La République Dominicaine promeut une campagne pour promouvoir la culture du don d'organes

Le Ministère de la Santé de la République Dominicaine promeut une stratégie nationale visant à renforcer la culture du don d'organes, dans le but de promouvoir des valeurs telles que l'éthique, la confiance et l'accès à une information claire.

Comme l'a détaillé sur son site Internet le gouvernement de la République dominicaine, l'initiative a été présentée lors du symposium national « Communiquer pour donner la vie », organisé conjointement par l'Institut national de coordination des transplantations (Incort), le ministère de la Santé, le Collège dominicain des journalistes (CDP), le Cercle des journalistes de la santé (Cipesa) et l'Organisation panaméricaine de la santé/Organisation mondiale de la santé (OPS/OMS) à Saint-Domingue.

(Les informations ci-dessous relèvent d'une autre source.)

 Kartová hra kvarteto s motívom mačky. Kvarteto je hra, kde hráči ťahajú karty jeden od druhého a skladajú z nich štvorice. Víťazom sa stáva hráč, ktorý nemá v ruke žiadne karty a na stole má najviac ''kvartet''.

Le ministre de la Santé, Victor Atallah, a exhorté les journalistes et les leaders d'opinion à s'allier pour augmenter le taux de dons dans le pays. « Résoudre ce problème n'est pas seulement une responsabilité institutionnelle, mais aussi un engagement humain. Nous avons besoin que chaque citoyen comprenne que sa décision peut donner une seconde chance à une autre personne », a déclaré Atallah.

L’un des principaux défis identifiés par les autorités est la persistance des mythes, des craintes et de la désinformation entourant le don d’organes.

Le ministère de la Santé maintient son engagement à renforcer les stratégies d'éducation, de communication et de soutien aux familles, selon le gouvernement.

José Juan Castillos Almonte, directeur d'Incort, a souligné le rôle de la presse comme « quatrième pouvoir » dans la société et a souligné que les communicateurs peuvent influencer directement la perception et les décisions des citoyens sur cette question.

« En mettant en lumière la vie et l'impact positif sur les receveurs, les médias peuvent sauver des vies, puisqu'une chronique bien racontée peut motiver une famille à faire un don et permettre à un patient d'avoir une seconde chance », a déclaré Castillos Almonte.

Gros plan des mains tenant un modèle lumineux en forme de cœur avec des organes internes. En arrière-plan, une banderole sur le don d'organes et des personnes sur un stand.

La présidente du Cipesa, Carol Guarina Martínez, a réaffirmé la fonction du journalisme de santé comme pont entre l'information médicale et les citoyens. Il a souligné que, sur des questions complexes, « une histoire bien racontée peut instaurer la confiance, démystifier les mythes et devenir une opportunité pour la vie ».

Lors du symposium, le conseiller du système et services de santé de l'OPS, Pedro López Puig, a rappelé que, selon l'OMS, les transplantations doivent être régies par des principes tels que le don altruiste, l'équité d'accès, la transparence et le respect de la dignité humaine. López Puig a souligné le rôle stratégique du journalisme et de la communication responsable pour transformer les perceptions, éviter le sensationnalisme et promouvoir des messages clairs.

Le président du CDP, Luis Pérez Novas, a souligné que la couverture journalistique doit adopter une approche consciente, empathique et éducative, pour sensibiliser une société qui fait encore preuve de résistance et de peur en raison des préjugés et des tabous culturels.

Salle d'opération : Deux chirurgiens, du personnel médical et un patient sur la table d'opération. Lumières vives, moniteurs avec signes vitaux et instruments chirurgicaux visibles.

La réunion a inclus la signature de deux accords de collaboration interinstitutionnelle entre le CDP et le Cipesa, dans le but d'unir les efforts dans la promotion et la diffusion du don et de la transplantation dans le pays. L’objectif est de favoriser une culture de solidarité et de renforcer la confiance dans le processus.

Actuellement, la République dominicaine est confrontée à l'un des taux de dons d'organes et de tissus les plus bas de la région, avec seulement 0,65 donneur par million d'habitants et un refus familial qui s'élève à 71 %.

La désinformation et les croyances erronées continuent de limiter l’enregistrement des donneurs et la capacité de sauver des vies. Le symposium a également abordé les aspects éthiques, juridiques et bioéthiques, ainsi que l'importance des médias dans la transformation sociale et la sensibilisation, en particulier parmi les jeunes.